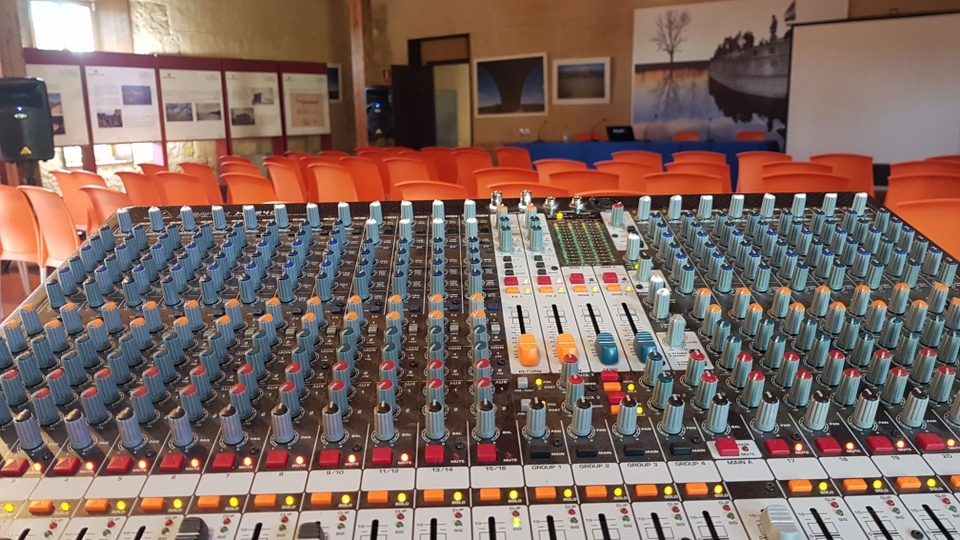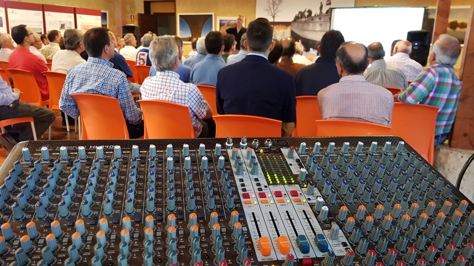 La segunda de las jornadas se centraría en el sector ganadero. Para estas charlas dispusimos de cuatro unidades de micrófonos de cuello de cisne de la marca AKG y de diademas y microfonía inalámbrica Sennheisser de las series XSW. Asimismo estrenamos nuestra nueva pantalla de proyección con faldón incorporado de 220 cm.
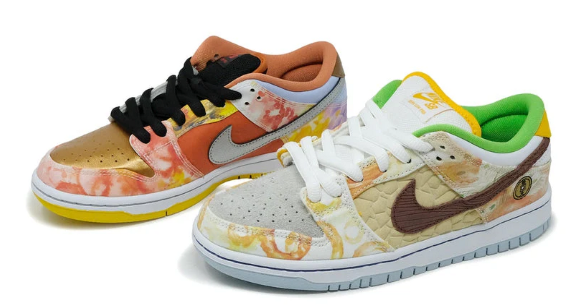 Nike Dunk Low Street Hawker aduce un mix inedit de materiale și culori inspirate de bucătăria chinezească. Cu un design asimetric, detalii pictate manual și caractere chinezești brodate pe călcâi, modelul celebrează cultura culinară asiatică într-o formă artistică.
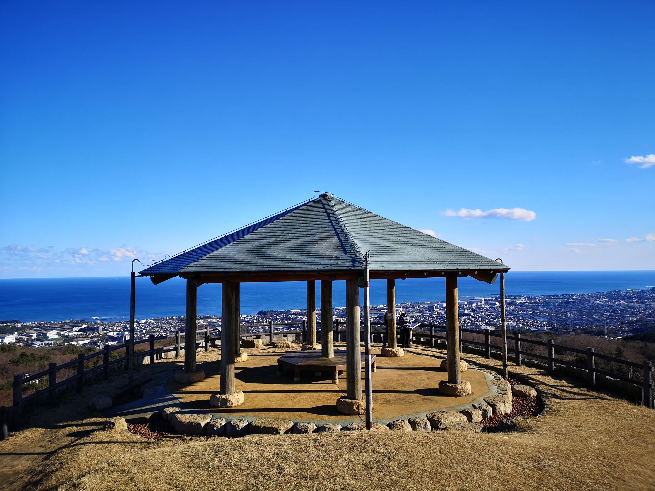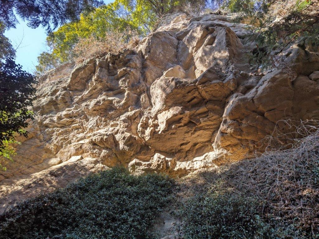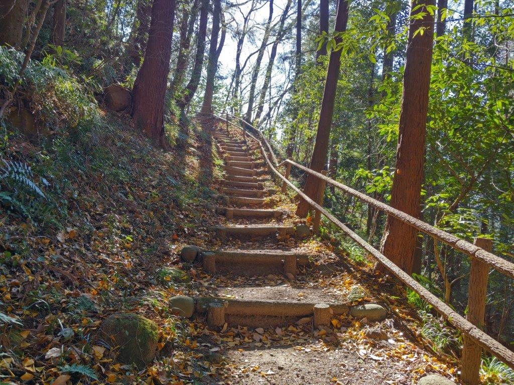 I was extra careful to check for hidden holes, the path being covered in a layer of dead leaves. At 11h30, I reached Mi-no-Taki waterfall, barely a trickle at this time of year. It was also the trickiest part of the hike, requiring a quick scramble up a rocky face, fitted with a rope for safety. Next, a short, steep climb brought me to an intersection at the top of the valley. Here, I dropped my pack and headed left for the short roundtrip to the first viewpoint.
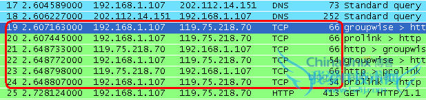 器间建立TCP连接,用Wireshark俘获的分组如下图:
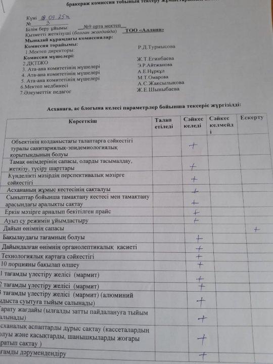 18 қыркүйек 2025 0 1 2 3 4 5 Тамақтану сапасын бақылау бойынша брокераж комиссия тобының тексеру жұмыстарының актісі
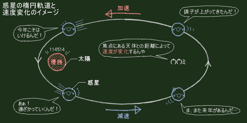 彡(゚)(゚)「見てわかる通りやけど、3つの法則は全て”惑星の軌道が楕円であると仮定したもの”や」
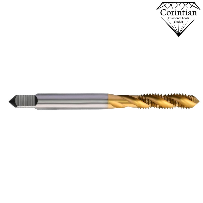Corintian HSS TiN Spiral Tap - Form C, RSP 35°, Diameter M2-M24, Machine Tap with TiN Coating for Blind Hole and Internal Thread
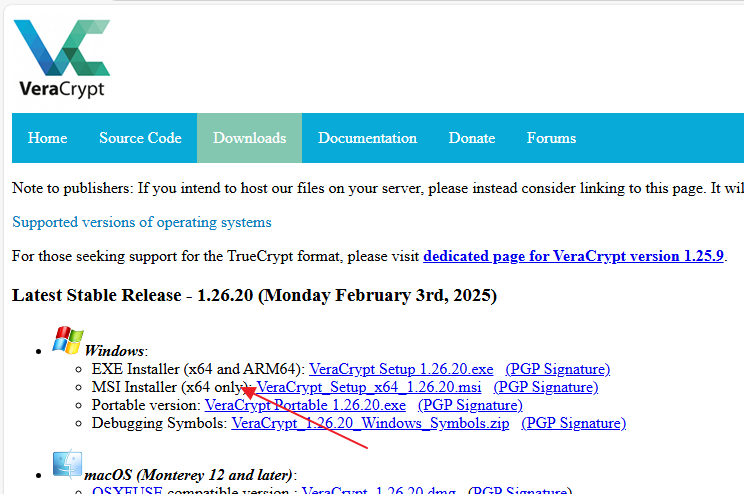 Dat kan vanaf de website van de maker van VeraCrypt. Download VeraCrypt

*Assignment*
The lines from the one holding "Corintian HSS TiN" through the end of the entries are to be transcribed exactly, both ends included, with the pictures left out.

*Expected answer*
Corintian HSS TiN Spiral Tap - Form C, RSP 35°, Diameter M2-M24, Machine Tap with TiN Coating for Blind Hole and Internal Thread
 Dat kan vanaf de website van de maker van VeraCrypt. Download VeraCrypt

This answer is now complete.